You know, I just got around to looking at the current FLC wage tiers for my area, and I have to admit I'm shocked -- I knew "prevailing wage" was a joke, but I didn't realize that it meant H-1Bs could come in at $64K a year for a senior developer, for whatever value of "senior" you get at what's an entry-level wage. It seems to me that a lot of trash H-1Bs could be avoided if we got a senator or rep to introduce the following legislation:

Subclause (II) of section 1182(n)(1)(A)(i) of the Immigration and Nationality Act is amended by inserting "median" before "prevailing wage level".

This would at least prevent companies from using the lowest possible wage tier in the BLS data.


And all those services you keep comparing against, you know, can't be moved outside the USA (I'm not going to china to get a back rub or my transmission rebuilt). And of course, software doesn't work like that at all (I can open a software development office in China with the money I make there; as a bonus, I avoid repatriating the money back into the states for extra taxes).


That's a fair point, but it remains to be seen what the frictions are. I doubt that the domestic software industry has had my welfare particularly in mind all these years up till now, and yet they're all still here, paying what everyone wants us to think is our exorbitant American salaries.

What is the point at which these giants collectively tell us to fuck ourselves and run off to the Chinese nirvana you describe? Is it just north of where we are already, so if we don't get some immigration relief immediately we're all doomed?
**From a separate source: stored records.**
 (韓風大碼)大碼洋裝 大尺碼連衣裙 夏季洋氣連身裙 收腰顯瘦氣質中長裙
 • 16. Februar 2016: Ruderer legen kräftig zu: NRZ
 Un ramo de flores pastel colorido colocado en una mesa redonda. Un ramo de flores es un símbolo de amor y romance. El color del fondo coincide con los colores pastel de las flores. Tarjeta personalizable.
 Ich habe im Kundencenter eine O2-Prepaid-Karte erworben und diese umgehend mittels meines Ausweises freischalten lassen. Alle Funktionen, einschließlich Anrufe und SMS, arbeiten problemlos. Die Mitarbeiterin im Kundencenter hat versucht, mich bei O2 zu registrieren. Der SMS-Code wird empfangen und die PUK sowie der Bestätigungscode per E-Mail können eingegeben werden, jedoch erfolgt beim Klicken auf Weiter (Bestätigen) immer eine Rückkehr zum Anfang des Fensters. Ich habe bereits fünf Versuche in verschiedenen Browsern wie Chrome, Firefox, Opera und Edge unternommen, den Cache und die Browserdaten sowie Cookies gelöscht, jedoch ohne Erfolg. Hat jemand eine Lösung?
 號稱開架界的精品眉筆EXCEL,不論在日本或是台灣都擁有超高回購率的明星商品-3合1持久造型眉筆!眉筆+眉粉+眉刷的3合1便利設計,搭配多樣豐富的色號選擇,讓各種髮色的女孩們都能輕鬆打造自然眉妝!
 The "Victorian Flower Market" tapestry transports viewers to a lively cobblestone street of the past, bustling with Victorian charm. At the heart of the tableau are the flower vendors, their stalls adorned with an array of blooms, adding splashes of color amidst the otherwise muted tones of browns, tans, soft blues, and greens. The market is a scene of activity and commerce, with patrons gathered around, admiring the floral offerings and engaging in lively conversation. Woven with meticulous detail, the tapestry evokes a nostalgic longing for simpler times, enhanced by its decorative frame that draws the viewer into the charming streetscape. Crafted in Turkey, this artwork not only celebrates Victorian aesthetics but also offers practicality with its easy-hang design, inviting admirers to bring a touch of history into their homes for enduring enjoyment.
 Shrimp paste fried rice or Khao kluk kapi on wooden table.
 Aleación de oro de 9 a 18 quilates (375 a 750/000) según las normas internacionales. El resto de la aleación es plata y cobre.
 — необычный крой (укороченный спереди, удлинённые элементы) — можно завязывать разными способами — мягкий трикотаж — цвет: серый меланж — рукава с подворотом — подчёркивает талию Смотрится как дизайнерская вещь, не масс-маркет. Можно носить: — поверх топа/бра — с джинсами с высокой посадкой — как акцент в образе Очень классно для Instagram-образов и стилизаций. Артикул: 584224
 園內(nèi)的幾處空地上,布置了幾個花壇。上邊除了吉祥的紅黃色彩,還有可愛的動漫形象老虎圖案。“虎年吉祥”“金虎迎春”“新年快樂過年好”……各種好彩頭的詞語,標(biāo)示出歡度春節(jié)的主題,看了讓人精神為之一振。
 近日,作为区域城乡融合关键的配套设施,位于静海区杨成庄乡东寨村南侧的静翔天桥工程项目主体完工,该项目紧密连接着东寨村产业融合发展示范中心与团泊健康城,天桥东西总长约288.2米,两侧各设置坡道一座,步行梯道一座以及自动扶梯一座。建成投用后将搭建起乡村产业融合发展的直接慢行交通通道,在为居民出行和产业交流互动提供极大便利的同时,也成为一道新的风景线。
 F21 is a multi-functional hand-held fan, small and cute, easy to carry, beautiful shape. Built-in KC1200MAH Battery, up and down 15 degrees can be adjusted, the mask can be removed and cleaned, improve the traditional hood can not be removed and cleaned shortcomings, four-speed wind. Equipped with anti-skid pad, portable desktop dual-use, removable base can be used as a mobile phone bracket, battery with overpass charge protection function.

Maybe. Or maybe the whole process isn't as clean as you're implying that it is. I do know that for as long as I've been paying attention a standard Republican refrain has been that if we don't lower our taxes to zero then all industries, in their game-theoretic wisdom, will evaporate from our lands. And yet businesses keep failing to migrate en masse to whichever Dakota has no taxes, and Minnesotan industry draws another day's breath.

To reiterate, I'm not saying you're wrong; but the causal chain is considerably more entropic than you or pg are letting on.


It is actually quite economical to make software in the states, one of the reasons being our relatively sane immigration policy. But it wouldn't take much xenophobia to make china look good. America also can't sit on its hands and remain competitive; its a constant battle and we have to continuously adapt and tweek our policies to remain #1.

Disclosure: I'm an American who has worked for Microsoft in Beijing for 7+ years.